If you are still reading, thank you for not turning away. Some part of you recognises that our modern society is waging an unconscious, unintentional war on the natural world. Scientists tell us that we have a decade to transform our entire industrial system into a 21st century ecological society. That’s 10 years to establish a regenerative, healthy, planetary culture that avoids the worst consequences of the current devastation.

It’s a huge challenge, but also an opportunity for tremendous inspiration, creativity and collective waking up.

Are you up for it?

Our children, grandchildren and descendants will not look back on our worldly accomplishments or promotions, our financial accumulation or our clever gadgets. Those who follow will inhabit either a thriving, healthy, peaceful planet, or an overheating, impoverished, dying one. What they will want to know about their ancestors – those who lived during the time when people knew, but often did not act – is ‘what did they do?’

What will you do to bring about the world you wish to see?

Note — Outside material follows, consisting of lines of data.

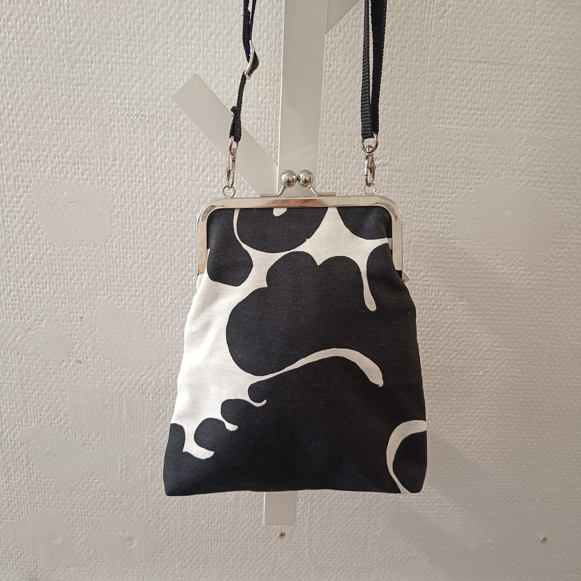 Saat M-laukkuun mahtumaan kukkaron, puhelimen ja jotain muuta pientä ja tarpeellista. Laukku on valmistettu puuvillakankaasta, samoin vuori on 100% puuvillaa. Laukun kehys on leveydeltään 15cm, muutoin mitat n. 18cm x 20cm, pohja n. 4cm. Hihnan leveys 1,5 cm. Hihna on myös säädettävä ja pisimmillään n. 155 cm.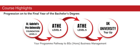 On successful completion of the ATHE Level 5 Extended Diploma in Business and Management students can progress to the final year of a Bachelor’s Degree (Top Up). The progression options are available as a result of a collaborative agreement between WINC (UK University) and St. Gabriel’s Pre – University. The Top Up Degree is offered through synchronous online learning by the WINC (UK University) which uses state of the art lecture technology in place of a traditional classroom, allowing access to classes from anywhere in the world. Offline learning will be provided by the lecturers of St. Gabriel’s Pre-University.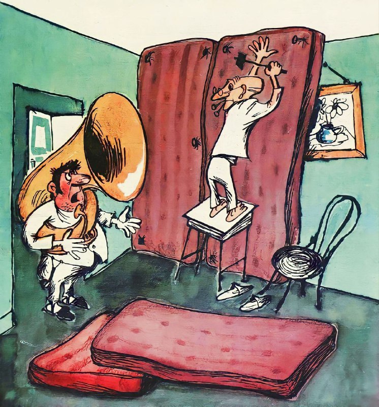 همسایه، لطفا دست از کوبیدن دیوار بردار، داری حواسم را پرت میکنی..این اثر یک پوستر تبلیغاتی معروف شوروی است که با سبک متمایز و طنز خود شناخته میشود. مفهوم آن تشویق به رعایت سکوت و احترام به آرامش دیگران در آپارتمانهای مشترک است.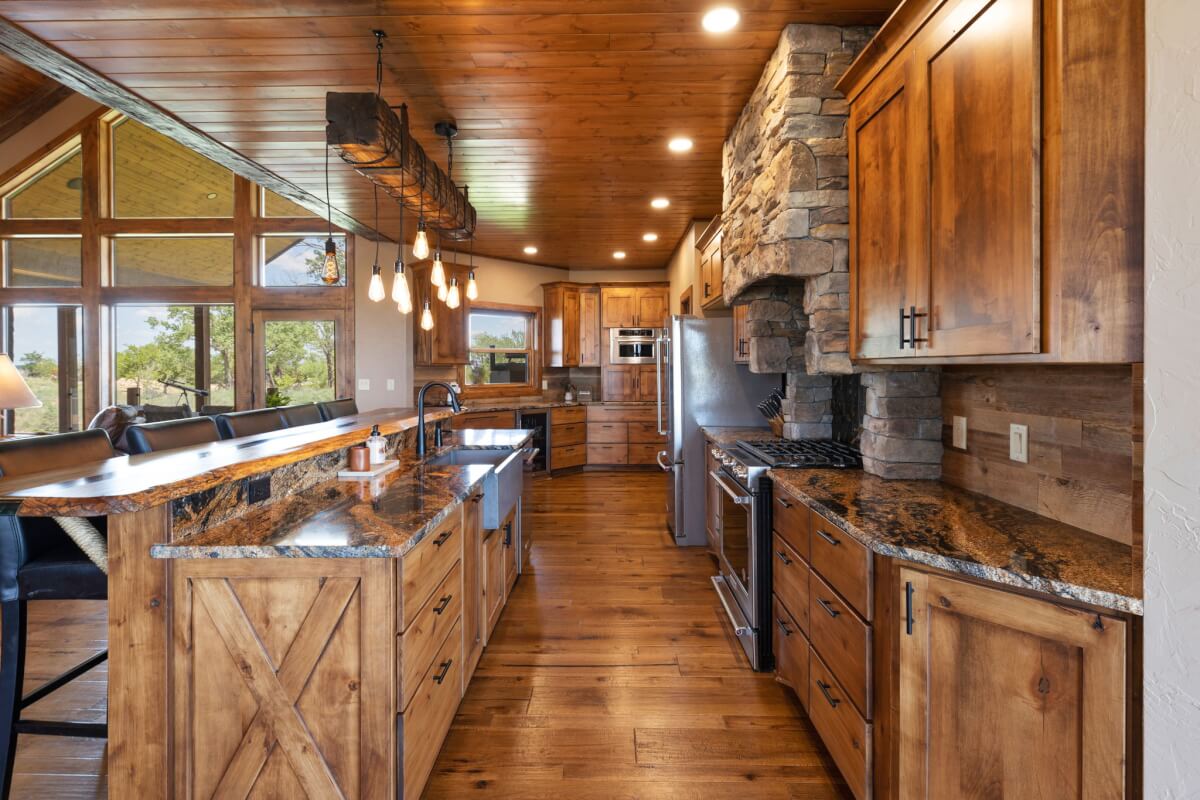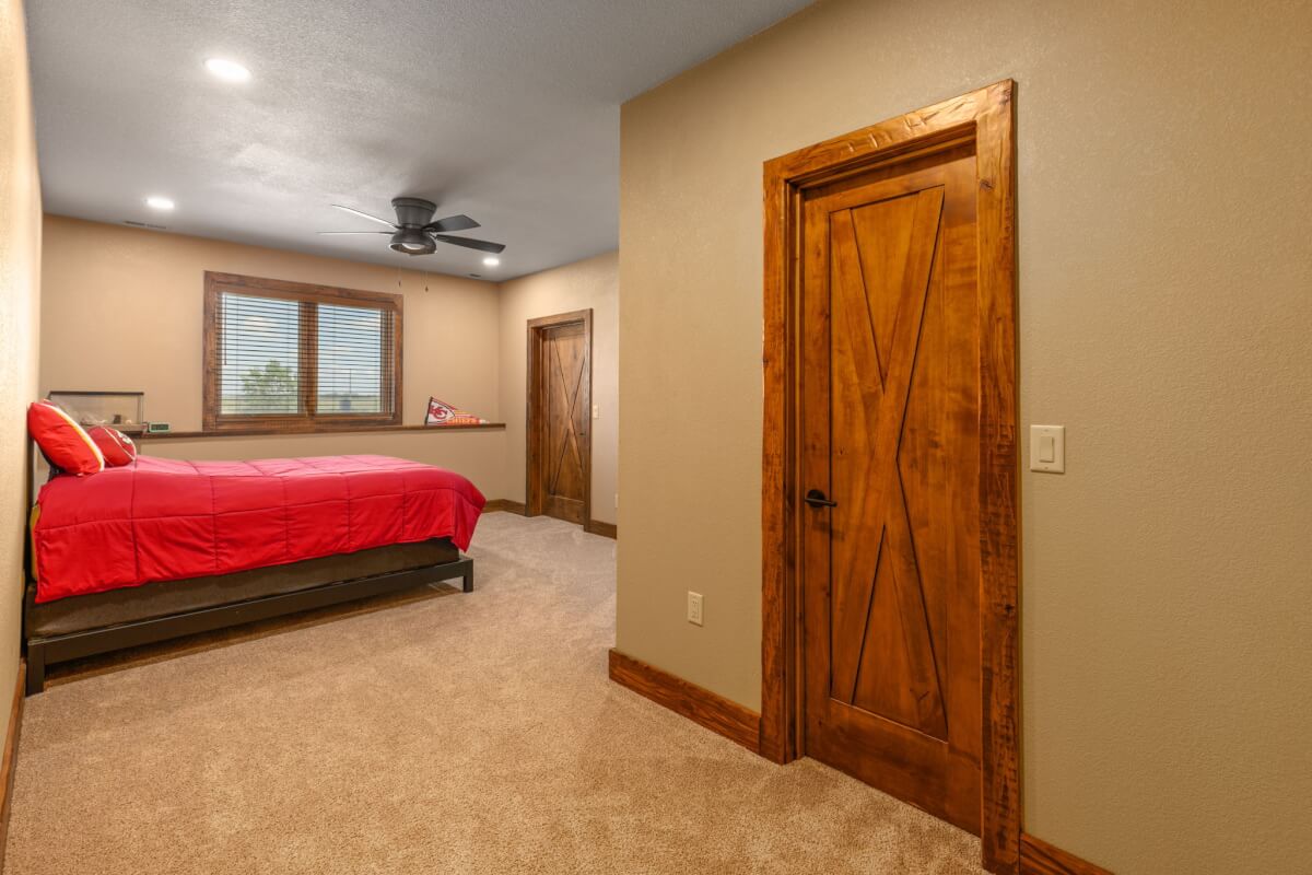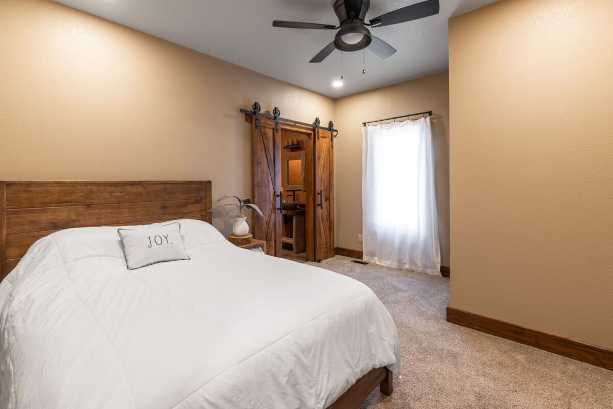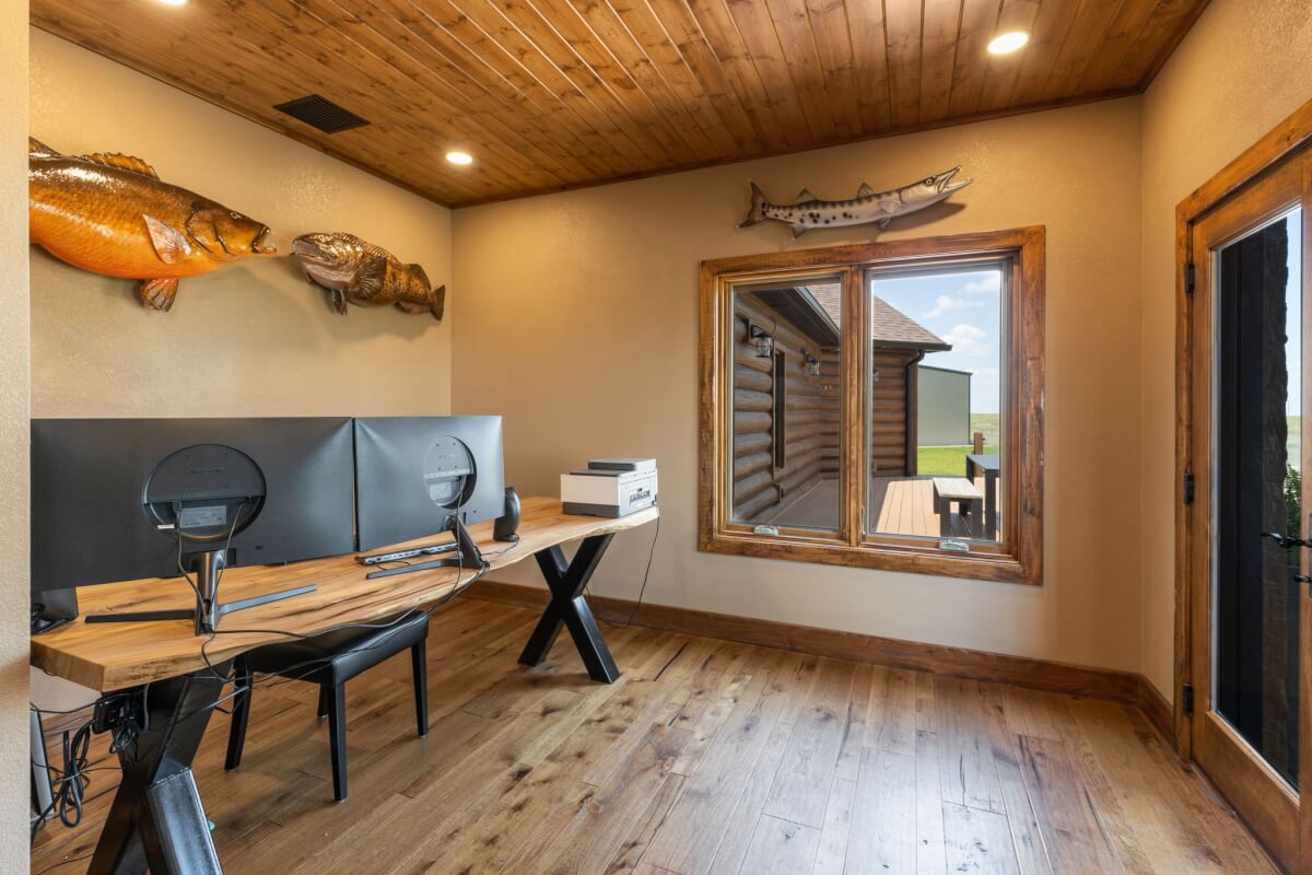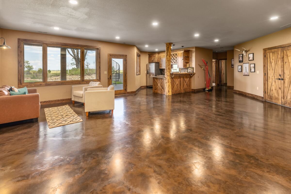 HOUSE & GENERAL DESCRIPTION: 5 Bedroom 4.5 Bath home on 154 acres east of Leon in Butler County, Kansas with a beautiful home, tremendous shop building, rock quarry lake, cabin, ponds, and pasture just 30 minutes east of Andover, Kansas. The house was completed in 2022 and has 2810 square feet of finished living area on the main level plus a full finished basement. Additional rooms include an office, craft room, theatre/workout room, sun room, safe room, main floor laundry, mud room and pantry. There is an attached 3 car oversized garage Large bedrooms with oversized closets in each. Very large oversized master bedroom closet with built-in drawers and adjustable hanging racks. “Car Wash” master shower with body sprays, hand spray, shower head, ceiling waterfall PLUS heated tile floor in master bathroom. You will love the incredible dining room with native stone archway, large windows on 3 sides, perfectly positioned and angled to capture the beautiful country sunrise, sunset, incoming storms, native pasture, and Colorado-inspired landscaping all in 1 room. Truly one of a kind space with unmatched views of the ranch, any time of day. One of many features of the basement is the unique and rustic custom wet bar. It includes a stainless fridge, ice maker, sink, glass cleaner, wine racks, ample cabinet storage, magnetic child safety locks, LED accent lighting, wood slab bar counter, lower granite counter. There is an amazing composite back deck with glass panel handrails to maintain scenic views of the backyard, Colorado cobblestone creek, and rock quarry lake.A large covered roof is over the sitting area and grilling station to enjoy the view in any weather, with a large uncovered area to enjoy your time in the sun. Wires stubbed out on deck for future TV. The ultimate custom grilling station on the deck has the XL Big Green Egg, Yoder YS640S wifi pellet smoker, large Blackstone flat grill, propane side burner, and ample stainless storage cabinets. Propane supply is plumbed directly from the house so you never have to replace propane bottles.

What if you made this the defining question for your leadership from now on?

 

Taking leadership for the planet – some first steps

I’ve coached leaders, founders and professionals to respond creatively to these questions for over 20 years. Here are some things that we’ve learned are vital in starting to take leadership for the planet:

1. Don’t rush to quick solutions, (but do be willing to act):

A hastily found solution will come from the same mindset and deeper patterns of thinking, doing and being that have created our current challenges and problems.

Consider that your own development as a leader requires you to respond to these challenges. Allow the question of how to respond to provoke you, and open up your thinking and your feeling. In this way it will stimulate a creative response rather than an instant reaction based on what you already know. Be willing to experiment even when (especially when) you don’t know the answer.

2. Do not avoid the unpleasant feelings associated with this situation

It can be painful, overwhelming, frightening and disturbing to consider that we must profoundly change our way of life. Strong feelings will come when you engage with this situation. Let them.

Allow yourself to be present to the magnitude of the question and challenges without running away. The world needs leaders and professionals who can stay present in the face of strong emotion, disruption and profound uncertainty. You will need to act in the midst of such experiences, not wait until they disappear or try to avoid them.

3. Know that you are not alone.

Many professionals grappling with these issues initially feel it is just them. That they are somehow alone with their concerns, and their dreams for the world. This creates feelings of pressure, paralysis and isolation.

Know that here is a growing global consciousness and movement for change. It is under reported in the media, and still poorly represented in mainstream organisations and institutions. But it is there, it is here, and it is growing. If you are reading this, you are part of it. Know that you are not alone. There will be more allies than you imagine.

4. Find allies and community to share questions and prototype responses

Most of the world continues its sleepy, destructive pattern. Awkward questions are rarely welcomed in business and most of us don’t like to be troublemakers or question prevailing logics and norms – even when they have created huge problems.

Find like-minded souls with whom you can share honestly the rawness of the situation and also the inspiration, vision and new energy that comes with really imagining what might become different. You begin to find these allies when you begin speaking truthfully about how you are seeing the situation and the questions it raises for your organisation or business.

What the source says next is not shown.